The bulk effect is when I let my reaction to the overall situation unduly affect my reaction to one child; when I functionally make them responsible for the behavior of the group. There’s a difference between asking Elijah to be quiet because Esme is still sleeping, and becoming mad at him because she woke up. There’s a difference between reminding Eric to let Elijah pour his own cereal because he’s two and wants to feel grown-up, and snapping at Eric because he triggered Elijah’s third tantrum of the hour. There’s a difference between reminding them they’ll have to deal with certain grocery-cart arrangements, and getting upset at them for making a grocery run so complicated—it’s not their fault there are so many of them. When having a lot of kids becomes a problem, it’s my responsibility to deal with it.

The other pitfall for big families is mistaking our ability to contain and organize them for actually addressing their hearts and seeing their needs.

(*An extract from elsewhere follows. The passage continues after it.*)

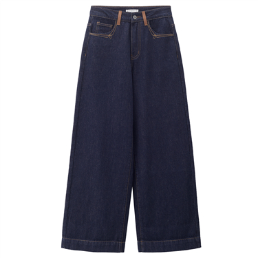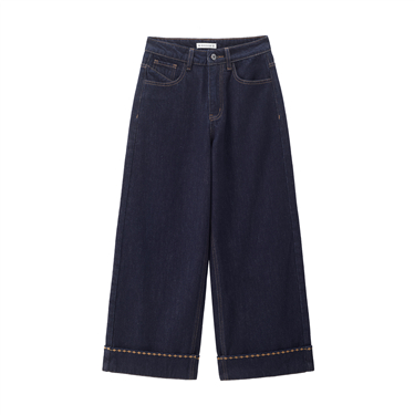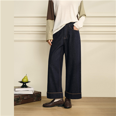 【網上獨家】女裝撞色明線高腰闊腿牛仔褲

Big families naturally require a lot of organization—keeping them clean, clothed, and fed is a major operation. It’s practically consuming in and of itself. I think our lives are doable because we’ve gotten pretty good at running the ship, but we have to remember that, as Jankovic puts it, “Christian childrearing is a pastoral pursuit, not an organizational challenge. The more children you have, the more you need to be pastorally minded.”

This means a lot of things. It means being willing to let the operation be interrupted if there’s an emotional need. It means seeing my kids: observing shifts in mood, the faint door-slam, the persistent grumpiness, and taking time out to get to the root of it. It means spending time alone with each child without an agenda. Since I have limited energy and resources, it might mean putting aside my career or ministry in some way so I don’t miss out on being able to know and address their hearts and minds.